在她眼里,时蕴和是知轻重之人,提出这样的请求必然有其原因,她考虑片刻便答应下来。

“今日太晚了,小时将军先回去处理好伤口,早些休息。本殿明日来府上叨扰。”

马上之人闻言神色一松,“多谢殿下,蕴和告退。”

车外马蹄声远去,箫荔放下车窗,车里恢复如初。

她用指腹按住额头,努力回想,“刚才说到哪了?哦,说到猛兽是被人运进来的,但皇家猎场运行多年,从没长出过诡异的植物,你说,这会不会是嘉木的诡计?”

对面的男子靠在软垫上,换了个舒服姿势,才道:“你不觉得,今天发生的事,和若虚幻境里相类似吗?”

经堇澄这么一说,箫荔想起在幻境里与他夜探密林的情景,心突突直跳,“幻境里那株结出魔果的灯笼草,叫我主人……你说,魔化的动物、植物,不会都与我有关吧?”

“先别急着下定论,”堇澄撑着头,“依本君之见,此事多数与念胭有关。念胭身为丹赭圣花,定是有些不为人知的异能。而嘉木与念胭颇有纠葛,知道些与草木有关的秘密不奇怪。”

眼前是一幅慵懒的美人侧卧图,可惜萧荔现在没心思欣赏,“念胭的梦,我做得断断续续。在梦里,念胭还没化出人形,也不知有什么异能?”

忽然想起什么,她又来了精神,“话说,今天见到嘉木,说不定晚上我就会梦到念胭和他,希望能找出些线索。”

靠在软垫上的美人没有接话,却挪了挪身子,将头移到她膝头上,目光幽深。两人离得这样近,她却看不懂的他眼底的情绪。

“怎么了?”箫荔奇怪。

堇澄身上有种说不清道不明的哀怨,如同失了明灯的暗夜,整个人都低落下去。

撞进他那双漆黑的的眸子,箫荔冒出一个奇异的想法:不会吧,难道他……吃醋了?

想到这里,箫荔自己先摇头否定。怎么可能,以这位的目空一切,怎么可能吃醋?

“猜的没错,本君就是醋了。”堇澄眼里骤地燃起一团火,目光灼灼。

“啊,你怎么会……”怎么会知道她想什么?玉筒上的法阵不是关闭了吗?而且这飞醋着实吃得没来由。

可没来及地质问,她的嘴先被堵上。

堇澄先是在她唇上落下轻轻一吻,蜻蜓点水过后,贴着她的耳廓为自己辩白:“放心,本君没有窥探夫人的灵识,只是太了解夫人的心思,以及,是真的醋了。

“夫人期待着今晚与旁人在梦中相见,明日又要去见前未婚夫。我们成亲至今,夫人可从未主动邀约过本君。”

“你明知道我和他们没关系。”箫荔小声反驳,心却像是被蜜蜂蛰了一下,酥酥麻麻,整个人都手足无措起来。

耳边传来清浅的呼吸,如绵绵细雨,拨动人的心弦,“我知道,为夫不过想找个借口与夫人亲近。”

“喂……”后半句话又被吞掉,她终于体会到了什么叫唇舌交融。

原来亲吻的滋味是这样,冷冽的味道和火热的气息将她包围,像是在冰天雪地里点燃一堆干柴,发出噼噼啪啪的响声,又像是一只蝴蝶从身体里破茧而出,展开美丽的双翅振翅而飞。

这等奇妙的感觉让她忍受不了,想逃开,又觉得不够,不够,还想要更多。

她一边沉沦一边懊恼,被某人得逞了!

随着两人的喘息越来越没节制,箫荔不得不一掌击在堇澄胸口,将他推开寸许,喘着粗气道:“车里隔音不好,被别人听见怎么办?”

“无妨。

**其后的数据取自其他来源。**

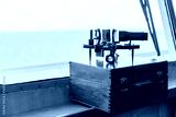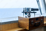 Nautical black sextant placed on wooden box in navigational bridge. Navigational equipment. Celestial navigation.
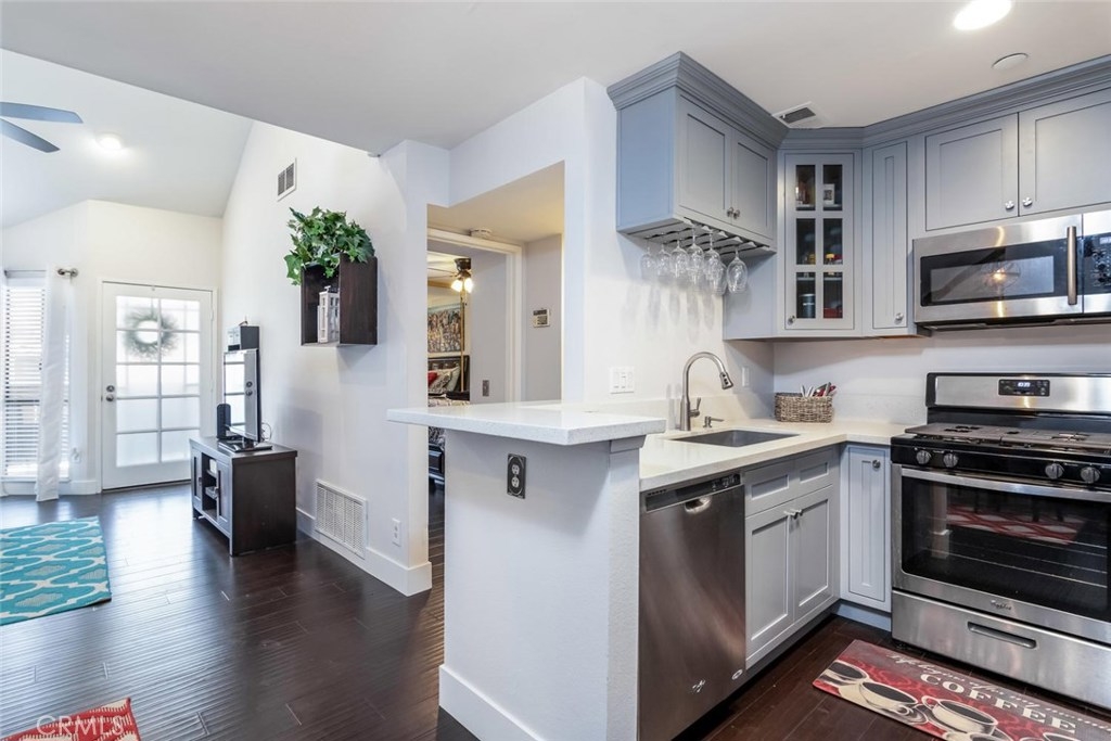 Popular 2nd floor Crosspointe Village Condo. 2 Bedroom 1.5 Bath (2nd bedroom is large open loft) This home is beautiful. Modern Shaker cabinets in with quartz counters, space saving corner doors open to a double “lazy Susan”, Wine, storage, deep stainless sink, built-in microwave, gas range/oven combo, refrigerator and stainless dishwasher. Recessed lighting and ceiling fan in the living room. Both bedrooms have a ceiling fans with lighting. The bathroom is remodeled with designer finished Shaker cabinet, quartz counters, lots of storage and a large oval tub. The loft/bedroom features a walk-in closet, remodeled half bath and two skylights. Most of the flooring appears to be engineered hardwood. The complex has 3 pools, 3 spas, gated entrances, 24-hour gate attendants. All this located next to the new and upcoming center next door. Rumors are, that In&Out, Raising Canes, Nagels, Planet fitness, Poke Bowl, Chase Bank have all signed on to move in!
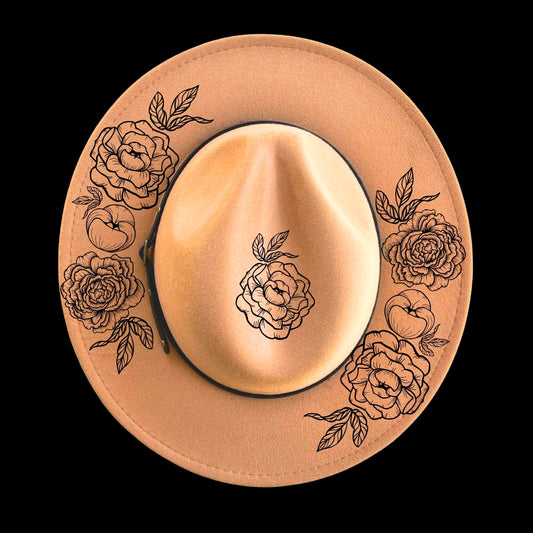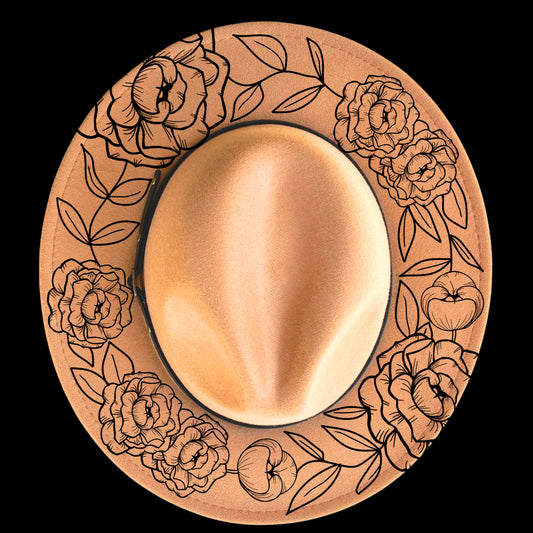 Fancy Peonies Hat-Burning Design | Narrow Brim | Cool Moon Designs
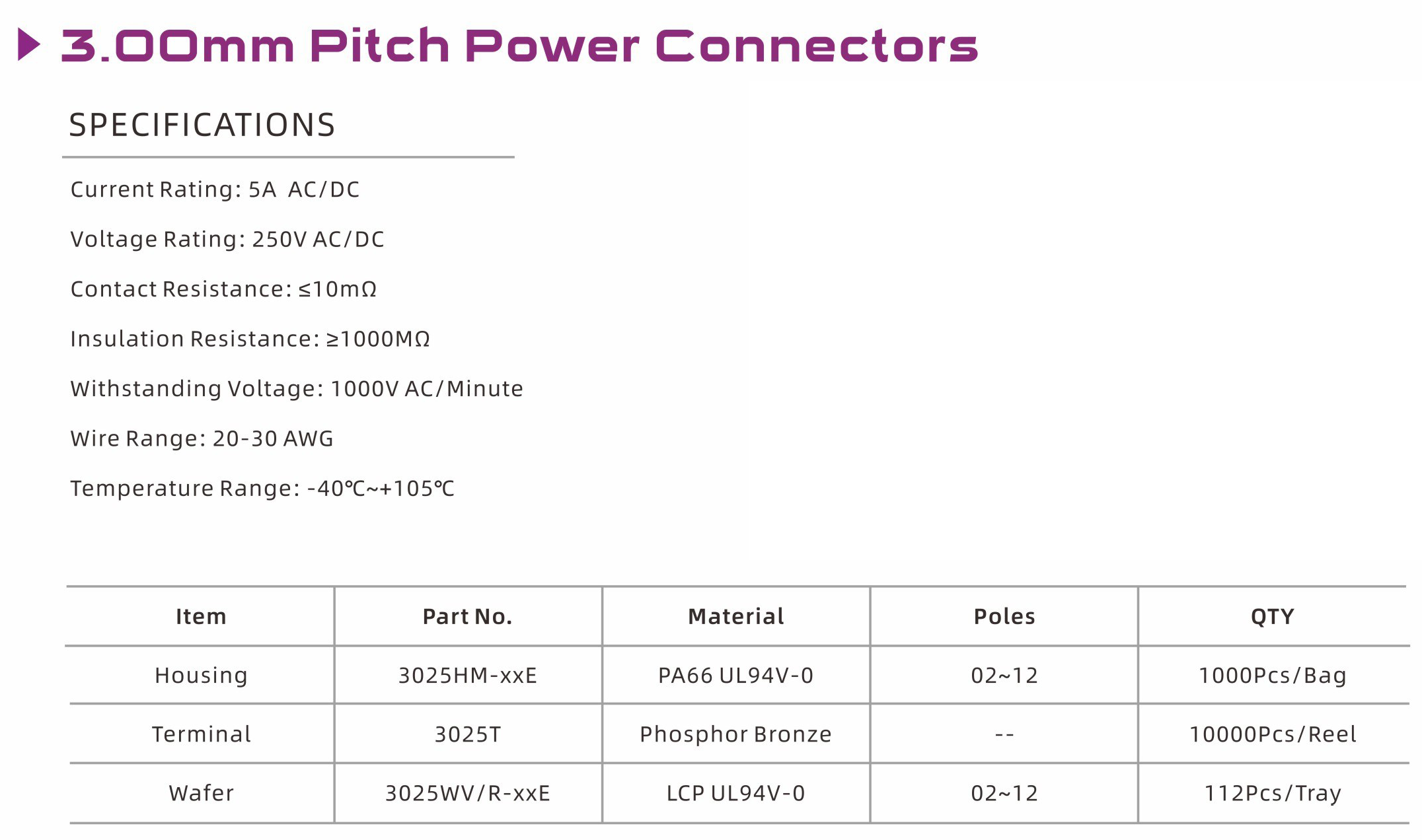 3025E Series 3.00mm Pitch (.118") 車用連接器
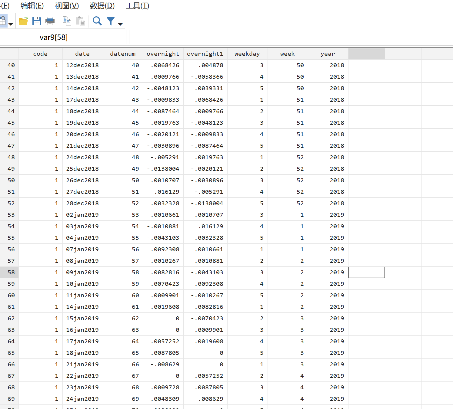tom22 发表于 2023-11-7 19:45 借鉴了你的思路,我将缺失的weekday的日期数据补上了(所有code均有周1至周5,缺失值为. ,这样滞后就没问 ...
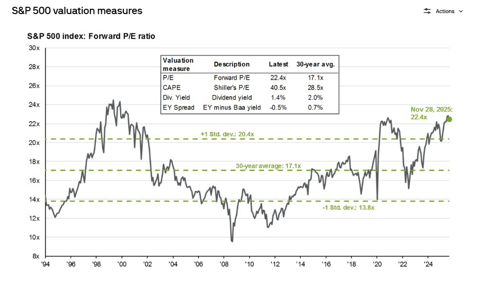 Actualmente el índice cotiza a unas 22,4 veces beneficios adelantados, claramente por encima de su promedio histórico, lo que indica una valoración exigente.

”堇澄摊开手掌,一个幽蓝色的小结界瞬间撑满车厢,“这样就行了。”

冰与火的气息再次将箫荔包围,她想,修为高,还真是处处便利诶。

——

秋猎的车队回到宫门外,挂着霞光殿标识的马车稳稳停下。

“殿下,我们到了。”有人通报。

可连续通报几次,长公主却没有要下车的意思。

没人敢上前催促,宫人们今日见识过长公主的神通,对长公主敬佩得那叫一个五体投地。殿下不下车,自然有殿下的道理。他们只要静静候着就是了。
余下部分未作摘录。